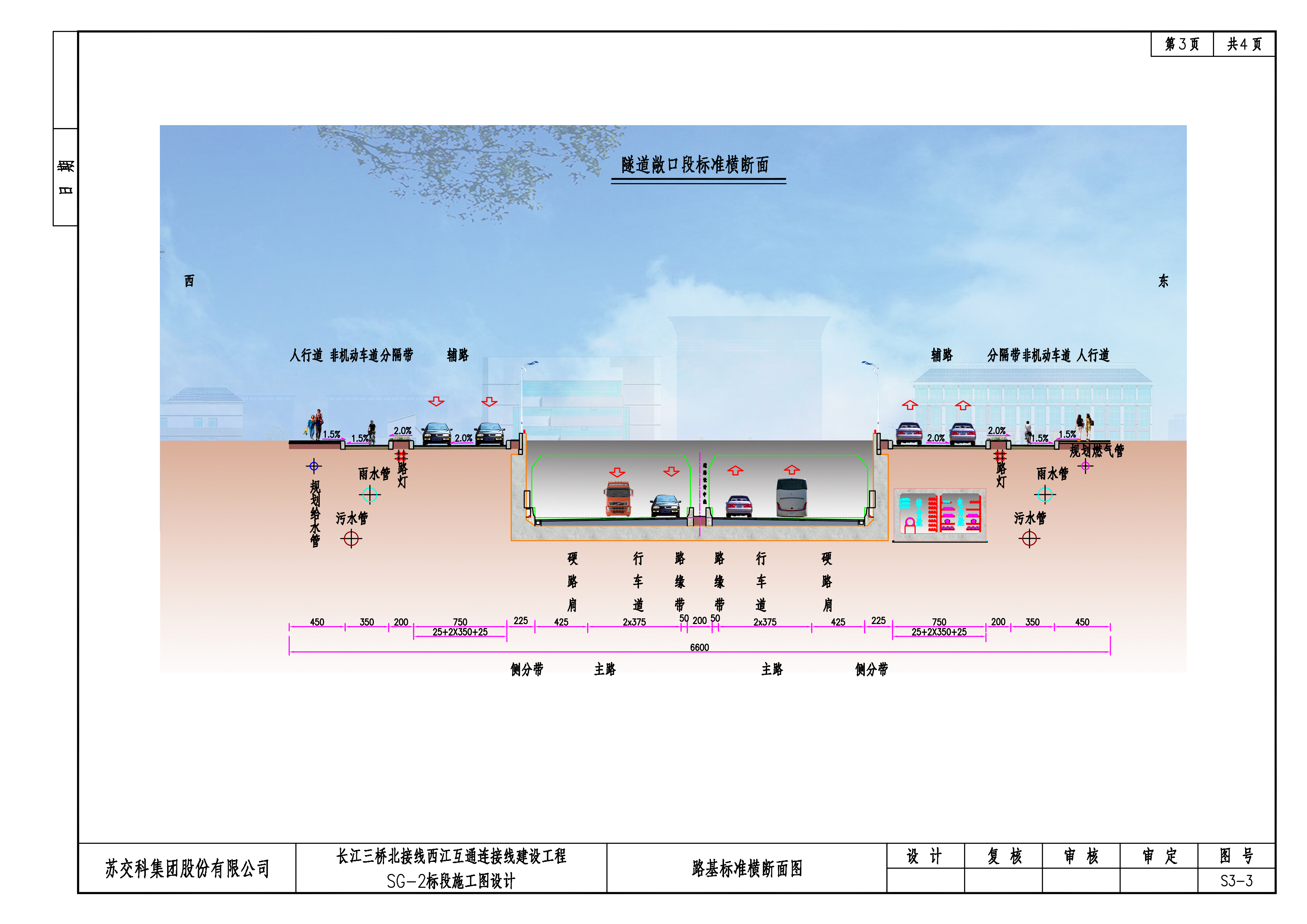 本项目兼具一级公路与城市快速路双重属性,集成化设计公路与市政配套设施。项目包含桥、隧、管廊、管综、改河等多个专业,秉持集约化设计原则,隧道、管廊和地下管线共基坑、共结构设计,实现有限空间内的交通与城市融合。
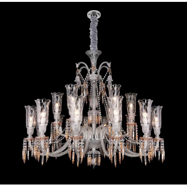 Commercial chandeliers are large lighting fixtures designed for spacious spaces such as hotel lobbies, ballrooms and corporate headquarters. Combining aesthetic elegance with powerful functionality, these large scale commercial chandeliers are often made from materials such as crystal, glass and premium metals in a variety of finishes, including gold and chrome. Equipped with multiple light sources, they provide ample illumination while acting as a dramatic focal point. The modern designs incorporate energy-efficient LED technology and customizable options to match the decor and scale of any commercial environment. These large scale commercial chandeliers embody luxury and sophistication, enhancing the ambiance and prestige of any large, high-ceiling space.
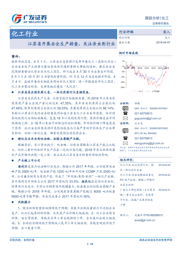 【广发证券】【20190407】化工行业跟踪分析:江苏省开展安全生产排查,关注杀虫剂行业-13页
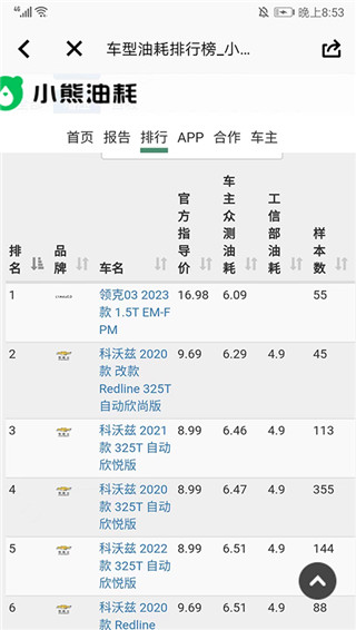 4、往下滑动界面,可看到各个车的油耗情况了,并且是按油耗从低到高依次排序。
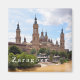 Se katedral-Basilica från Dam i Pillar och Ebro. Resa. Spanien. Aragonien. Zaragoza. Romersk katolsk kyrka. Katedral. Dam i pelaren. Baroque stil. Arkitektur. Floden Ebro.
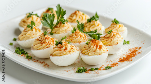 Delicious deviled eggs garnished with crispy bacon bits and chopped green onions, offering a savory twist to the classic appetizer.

________________

| Task statement |
Print the material above word for word, and keep the pictures out of it.

| Answer section |
 本项目兼具一级公路与城市快速路双重属性,集成化设计公路与市政配套设施。项目包含桥、隧、管廊、管综、改河等多个专业,秉持集约化设计原则,隧道、管廊和地下管线共基坑、共结构设计,实现有限空间内的交通与城市融合。
 Commercial chandeliers are large lighting fixtures designed for spacious spaces such as hotel lobbies, ballrooms and corporate headquarters. Combining aesthetic elegance with powerful functionality, these large scale commercial chandeliers are often made from materials such as crystal, glass and premium metals in a variety of finishes, including gold and chrome. Equipped with multiple light sources, they provide ample illumination while acting as a dramatic focal point. The modern designs incorporate energy-efficient LED technology and customizable options to match the decor and scale of any commercial environment. These large scale commercial chandeliers embody luxury and sophistication, enhancing the ambiance and prestige of any large, high-ceiling space.
 【广发证券】【20190407】化工行业跟踪分析:江苏省开展安全生产排查,关注杀虫剂行业-13页
 4、往下滑动界面,可看到各个车的油耗情况了,并且是按油耗从低到高依次排序。
 Se katedral-Basilica från Dam i Pillar och Ebro. Resa. Spanien. Aragonien. Zaragoza. Romersk katolsk kyrka. Katedral. Dam i pelaren. Baroque stil. Arkitektur. Floden Ebro.
 Delicious deviled eggs garnished with crispy bacon bits and chopped green onions, offering a savory twist to the classic appetizer.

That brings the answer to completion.